This guest post is by Kaiser Fung, from Junk Charts and Data Matter. He answers my question – “What is data and why should we care about it?”
Who’s got more data? The largest retailer in the world or the largest library in the world?
Walmart tends to over 500 terabytes of data (see here, here, etc.) while the Library of Congress, largest according to the Guinness Book of World Records, has a petty 20 terabytes, cowered by comparison.
To hear it from data warehouse vendors, data mining academics, data savvy politicians, or data fixated citizens, Walmart versus the LOC is like New World versus Old World, the future versus the past, fast versus slow, wired versus tired.
The more things change, the more they stay the same. The flood of data has not washed away these two age-old truisms.
- It’s not the Quantity, it’s the Quality.
Walmart knows to excruciating detail who bought what when: "we capture data on every item, for every customer, for every store, every day". In the Library of Congress reside a Gutenberg Bible, books in 470 languages, world newspapers from the past 300 years, millions of maps and sheet music, among other treasures.
So who’s got more data now?
Corollary: When More is Less
With riches of data has profused “data-rich” graphics, which takes Tufte’s data-ink ratio to ridiculous extremes. The result is more clutter, less clarity.
Consider the following chart of Google’s employees (found here, via Information Aesthetics).
It’s an example of pages of ink to illustrate one number. But let the imagination turn this into a data-rich graphic, and assume that the Googlers are ordered from most to least tenured, and the colors are associated with distinct job functions. So the blue one is employee #1, an engineer; the red one is employee #2, a business person; etc.
A lot of data but how much data really?
Some time ago, a more interesting take of this concept was used by the New York Times to illustrate casualties in Iraq.
Good statistics is always about data reduction. In this age of abundant data, it is technically challenging to infuse graphics with as much of it as possible. Resist the temptation to overdo it.

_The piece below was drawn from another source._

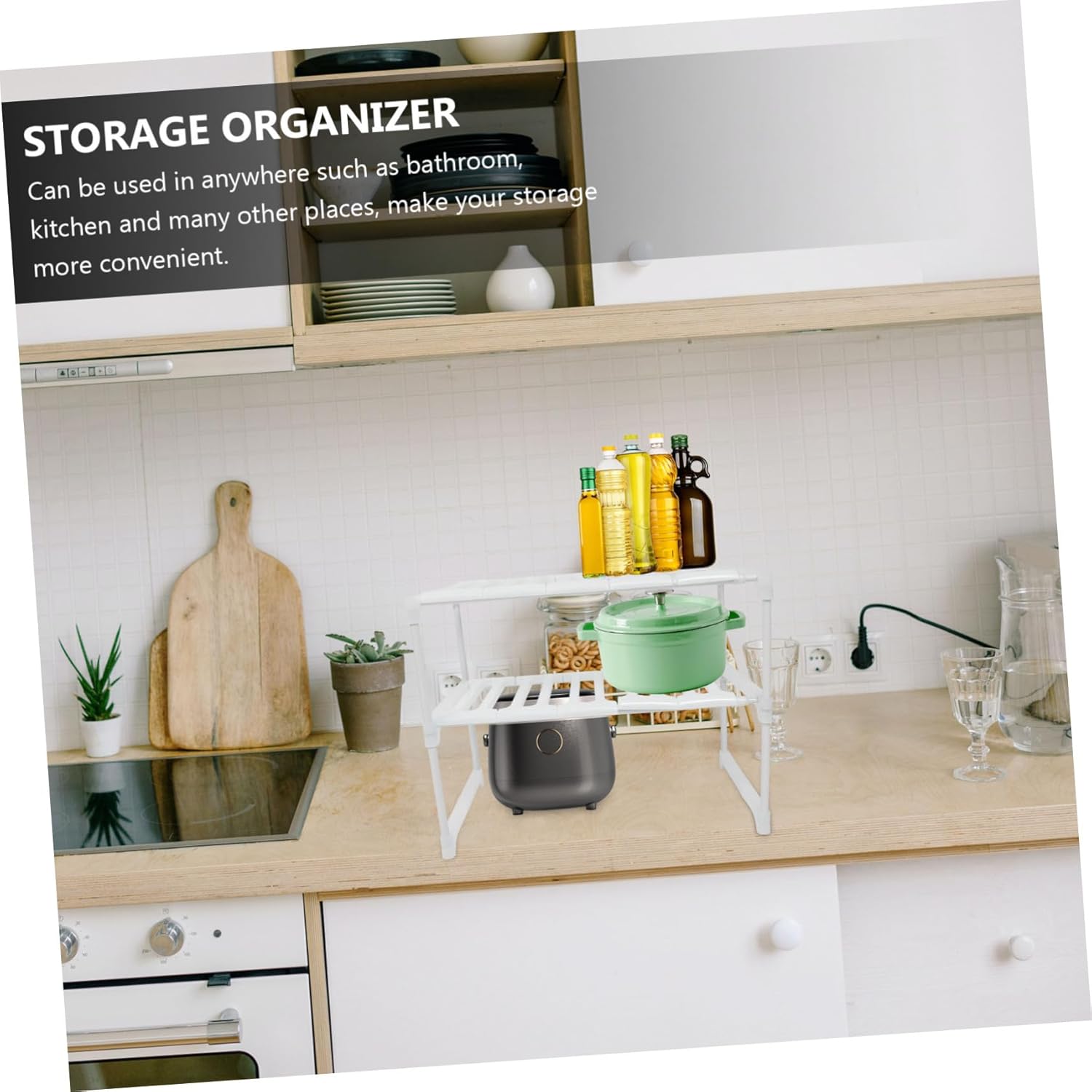 Package Include 1 x storage rack Features - Color: White Kitchen Utensils Holder - Length Telescopic Range: 52-68cm/20.47-26.77inch Storage Shelf - Material: Stainless steel, PP Pan Organizer - Size: 52.00X44.00X30.50cm/20.44X17.29X11.99inch Under Sink Organizer - Can be used in anywhere such as bathroom, kitchen and many other places, make your storage more convenient Bathroom Rack. - Easily stores skillets, pans, pots, griddles, dishes, trays, and more! Kitchen Supplies - A nice home kitchen storage rack, just a few minutes, all your things can be organized well Kitchen Utensils Rack. - Stainless steel and plastic material, strong durability, strong wear resistance and strong load-bearing capacity Kitchen Sink Shelf. - You don't need to worry about the shelf can not being placed in the cabinet under the sink Under Sink Rack.Goods InformationKitchen Utensils Holder Can also be used as an under sink storage for bathroom, or even a kitchen counter shelf.Bathroom Storage Rack Adjust the height and length to meet your needs for bathroom and kitchen.Storage Shelf This under sink organizer rests comfortably under almost all sinks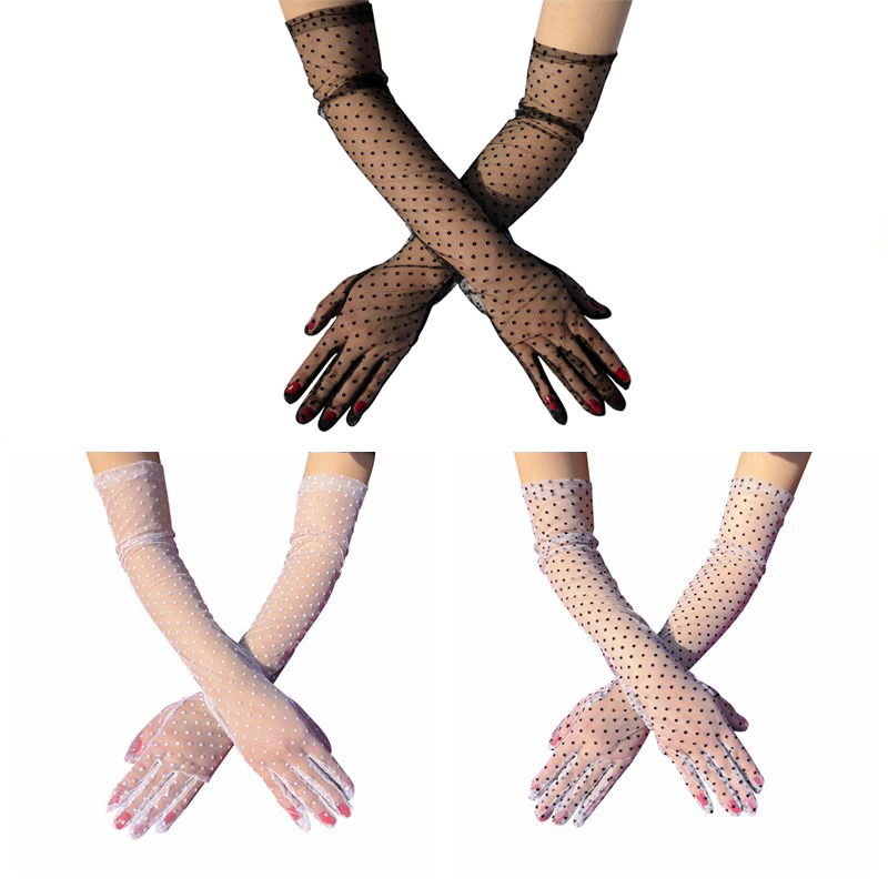 Трансграничные кружева точка длинные женские Защита от солнца декоративные перчатки Расширенная волна точка свадебное платье перчатки

The most-to-least-tenured/color-by-business-function data rich graphic would probably only be useful and relevant up to a very small total number of employees.
The NY Times chart on deaths in Iraq is interesting and loaded with data. I’m not sure it wouldn’t be better to use multiple charts to present different aspects of the data separately. For example, a timeline of death count by day would give a better picture of this particular stat than does looking at rows and rows of boxes (it’s hard to note days with zero deaths unless one studies the dates).
Similar timelines showing the different causes of fatalities would help to note patterns in prevalence of, say, hostile fire vs suicide bombings. I find it harder to get this from the jumbled blobs of color in the large chart than I would from multiple-series timelines.
But as Nathan has reminded me in a private communication, you often need to attract readers to your analysis with colorful, attractive, “fun” charts.
The usual distinction drawn in the BI community is between data (where Wal-mart has 500 terabytes) and information.
Information might also be called “insights” or “intelligence” or something else, but involves some form of summary that makes the information useful to a decision maker.
This distinction is neither new nor ignored.
Are gigantic databases the new world? Sure.
Do they change the way we deal with statistics? Sure.
For one thing, there’s my old motto: “Data drives out analysis.” For example, if you are just able to keep aggregate data, you might need to model how much of a particular product to send to a store depending on size of store, seasonality, demographics of the trading area, and other analytic factors. Once you have all this data, in many cases you can simply say: what’s the average sales rate in this store at this price?
For another thing, large databases put a premium on the ability to automate analysis, so the statistician’s task isn’t to analyze a particular data set, but to figure out how to analyze data sets of this type (and define “type”) so useful results can be displayed. This puts a big premium on “robust”.
Can we think of information, insights, or intelligence as simply processed, cleaned, and/or processed data?
Nathan asks: “Can we think of information, insights, or intelligence as simply processed, cleaned, and/or processed data?”
Yes, with the added requirement that it be processed (usually aggregated or summarized) for some purpose. For example, a moving average used as a naive forecast is information — to a person who needs a naive forecast.
“Insights” is a current business buzzword. A lot of former VP’s of Marketing Research became VP’s of Insights over the past few years. It’s a cooler, less descriptive title.